Then the litographer does not seem to be the limiting equipment anymore. I guess there is heavy R&D going into electrostatic transistor design and crystals to deal with the gate current below 20nm.

I wonder at which size, silicium doping does not work "enough" anymore.

At some point the electons start tunneling through the channel, regardless of its state... I don't remember my semiconductor theory that well, but possibly unaffected by the height of the potential barrier? In which case better electrostatic control or changing materials does nothing.
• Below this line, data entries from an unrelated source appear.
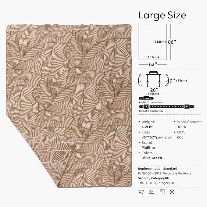 • CONVENIENT PORTABILITY - Our wool throw blanket is equipped with a premium PU strap, strong yet flexible, you can easily carry this wool blanket wherever you go, ensuring warmth and comfort at all times.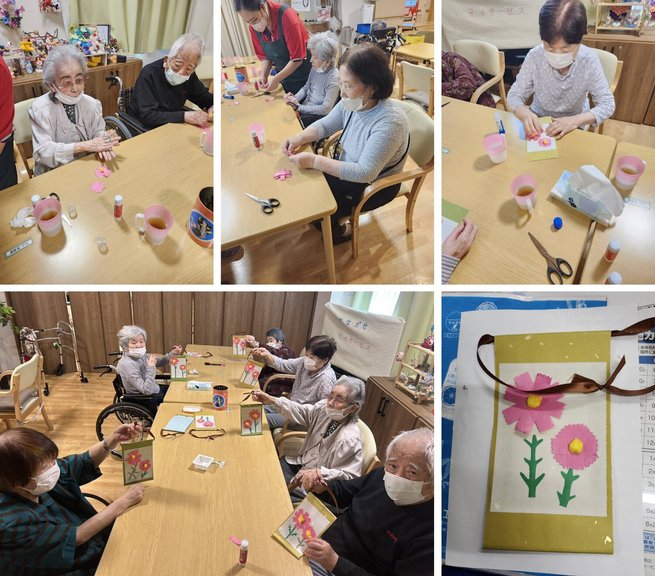 本日のデイサービスは、コスモスの花作りを行いました。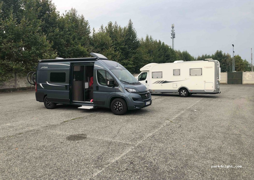 Espace de stationnement gratuit qui est désigné comme un espace de stationnement pour bus. Rien de spécial, mais bien adapté pour une nuit en transit. Aire de jeux sur le chemin de la ville. Vous n'êtes pas obligé de voir la ville elle-même.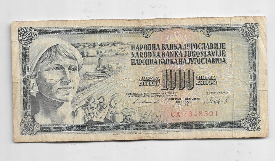 Yugoslavia 1000 dinara 1981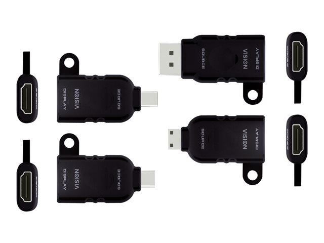 | Sisältyvä määrä x Tyyppi | HDMI-sovitin - 19-nastainen mini HDMI Tyyppi C (uros) to 19-nastainen HDMI A-tyyppi (naaras) Näyttösovitin - Mini DisplayPort (uros) to 19-nastainen HDMI A-tyyppi (naaras) Näyttösovitin - 20 nastan näyttöporttiliitin (uros) to 19-nastainen HDMI A-tyyppi (naaras) Näyttösovitin - 24-nastainen USB-C (uros) to 19-nastainen HDMI A-tyyppi (naaras) |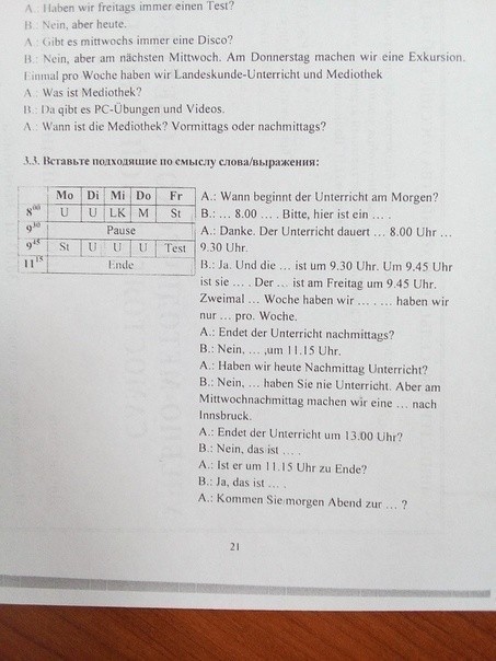 B.: Um 8.00 Uhr. ... Stundenplan.

Hot carriers (high voltages) are more affected, so you can lower voltages to an extent.

You can go below 20 nm, but you get this constant tunneling current, which deteriorates your on/off ratio, and increases power consumption (and TDP). It's doable if you can turn that part of the die off (dark silicon).
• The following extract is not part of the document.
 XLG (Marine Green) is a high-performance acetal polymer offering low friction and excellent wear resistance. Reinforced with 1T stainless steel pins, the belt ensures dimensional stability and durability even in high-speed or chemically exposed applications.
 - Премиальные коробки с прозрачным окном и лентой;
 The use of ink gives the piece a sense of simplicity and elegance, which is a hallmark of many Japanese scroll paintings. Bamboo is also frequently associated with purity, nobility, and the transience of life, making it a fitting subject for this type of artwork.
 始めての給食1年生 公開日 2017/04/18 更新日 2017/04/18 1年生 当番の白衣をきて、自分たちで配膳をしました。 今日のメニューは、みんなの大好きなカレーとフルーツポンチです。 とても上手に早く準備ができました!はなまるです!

Alright, then if they manage to handle properly this tunneling current in order to get clean on/off, they still will be able to shrink the current transistor feature size... which is actually huge if we don't think about the marketing "Xnm lie", unless another limiting factor hits.

In the silicon crystal lattice, without considering "doping", the atomic valence lenght is 2.35 angstrom or 0.254 nm, and unit lenght 5.44 angstrom or 0.544 nm.

So a feature of 7nm is hardly 14 silicon crystal lattice units. With doping, I wonder if it will be ever required to have a better pitch to have something to work with silicon, unless near "atomic perfect" doping in near "atomic perfect" silicon crystals can still be used for on/off gates.

It makes me pessimistic on the amount of remaining transistor shrink steps. "2nm" maybe "1nm" then you would need to assemble atom per atom perfect lattices frozen in time.